Calling themselves the Alps, a group of two men and two women offer a service to those whose loved ones have recently died. Adopting the deceased’s look and mannerisms, they reenact moments from the person’s life to help the survivors with the grieving process. Consider it an extreme form of art therapy.
In the hands of a Hollywood sentimentalist, this premise could be used to ride a river of multiplex tears all the way to the Oscar stage. But Alps writer-director Yorgos Lanthimos is not only Greek (rather than Hollywood-American), he also happens to be the opposite of a sentimentalist. His last film, Dogtooth, centered on a mother and father who raised their children in perverse seclusion, forcing them to engage in daily contests and telling them if they leave the walled yard they’ll be torn apart by cats.
With its unusual setup, Alps chronicles another sort of deranged social experiment. Though grief is certainly an element at play here, in Lanthimos’ hands this becomes more of an exercise in eerie violence, impending dread and authoritative sadism. This is a filmmaker with Cronenberg’s curiosity and Kubrick’s cool touch.
The central figure in Alps is a hospital nurse played by Aggeliki Papoulia (a Dogtooth survivor). She belongs to the Alps along with a young gymnast (Ariane Labed), her older coach (Johnny Vekris) and their leader (Aris Servetalis), who calls himself Mont Blanc and is given to grand pronouncements and violent fits.
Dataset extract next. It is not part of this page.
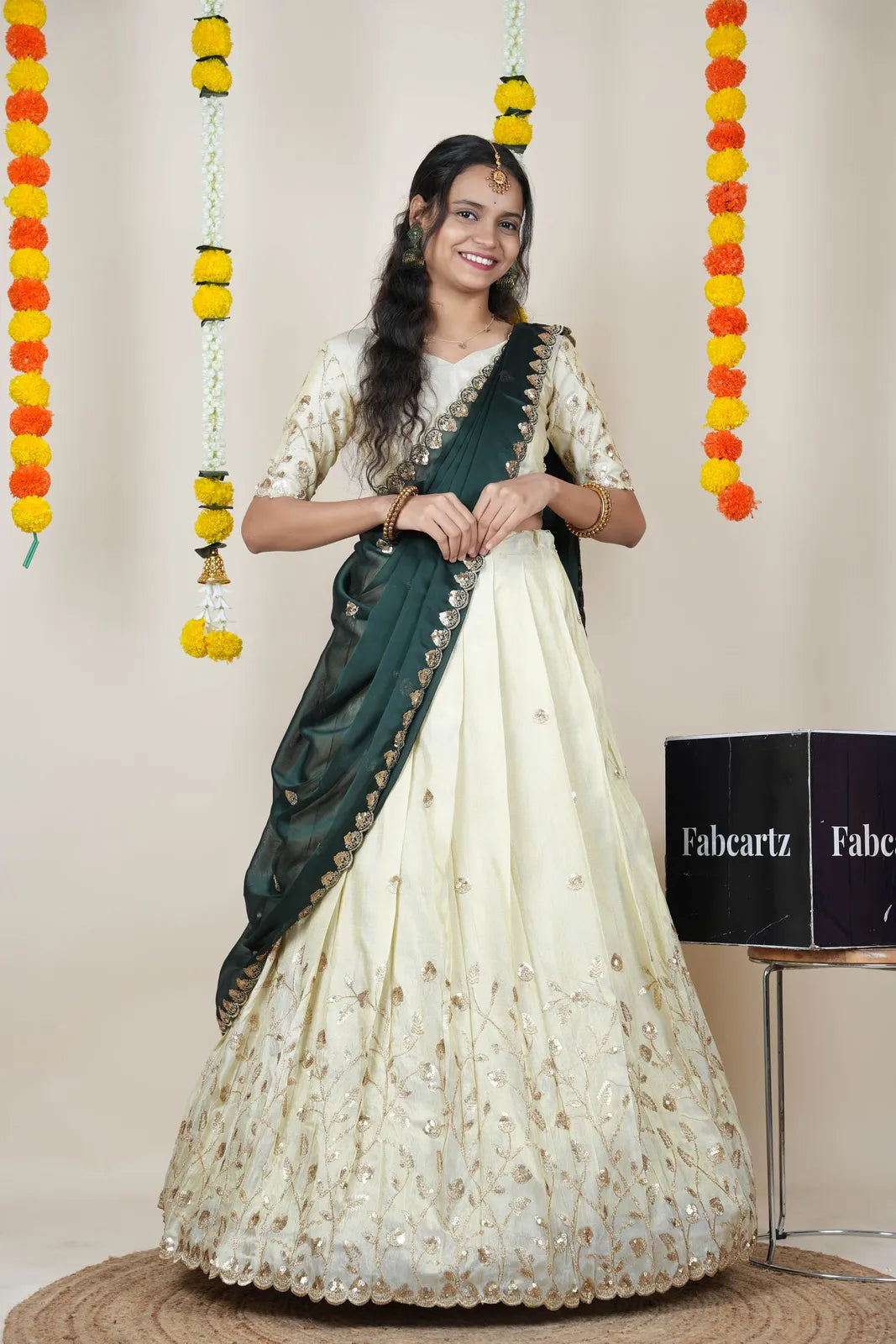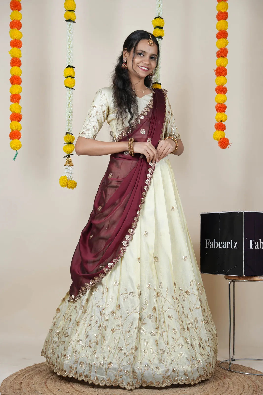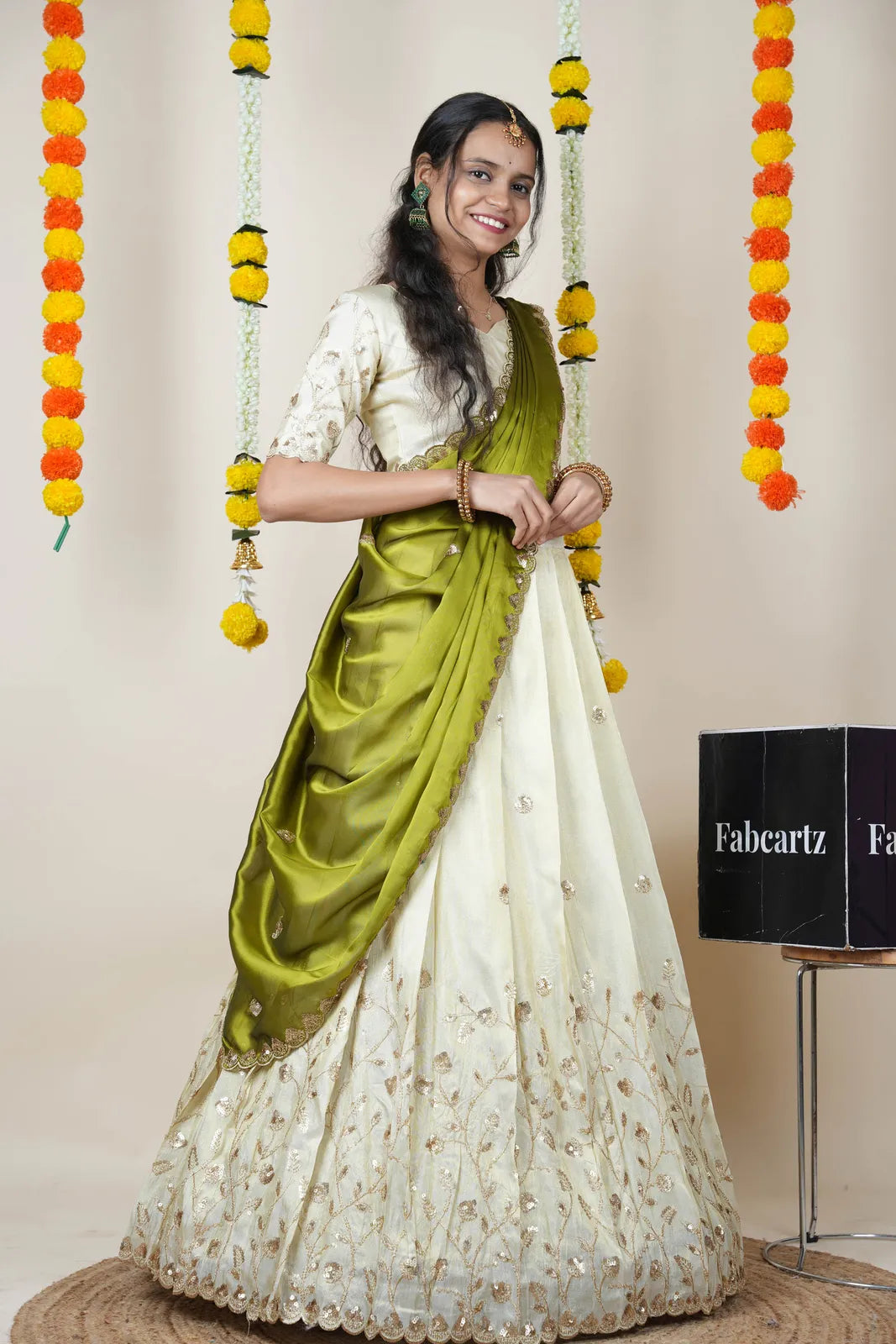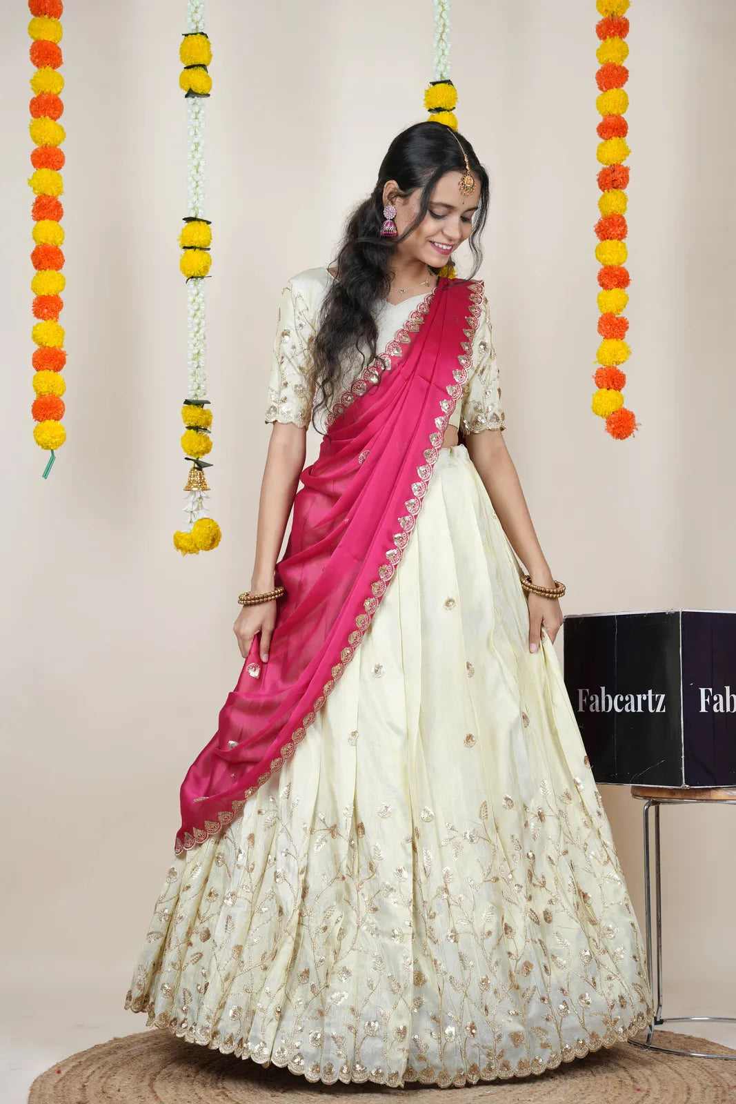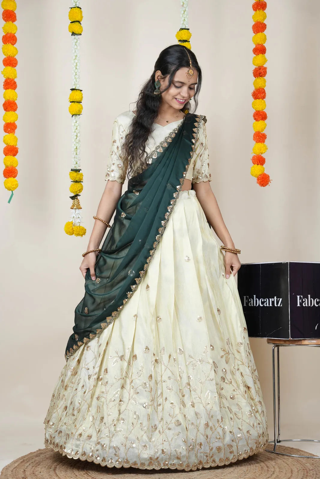 (Adhira) South Indian Festival Traditional Half Saree with Embroidered Blouse & Dupatta

For reasons that aren’t entirely spelled out, Papoulia’s nurse takes on a side job – “performing” for the parents of a teen tennis player who has been killed in a car accident – that unfolds in such a way as to have her rethinking her part in the entire enterprise.
I’d be lying if I said I was entirely clear as to who is playing what role throughout the film (in particular, the nurse’s relationship with her live-in father – if it is her father – blurs identity lines). Yet in essence this idea of identity confusion is central to the film. It’s partly why obscured vision is a recurring motif, from Lanthimos’ habit of avoiding his characters’ faces to the repeated sight of the nurse administering her father’s eye drops. As the nurse and her fellow Alps are forced to slip from one identity to another on demand, the movie becomes a commentary on the ways we often treat the people in our lives as actors to be directed. We may not give them exact lines or pieces of wardrobe, as happens here, but we expect specific behavior – and we turn on them when they go off script.
Even as I recognize such intriguing thematic implications, however, the clinical aesthetic of Alps keeps it at arm’s length. This isn’t to say it’s uninteresting – Lanthimos’ precise framing lends immediacy to each image, and in the manner of Dogtooth, we get a couple of unsettling dance scenes – but the movie is uninvolving in an odd way. No matter how strong the emotions on display or how much humanity Papoulia brings to her part, Alps still registers less as a drama than as a filmed scientific experiment. You feel as if you should be wearing a lab coat while watching it.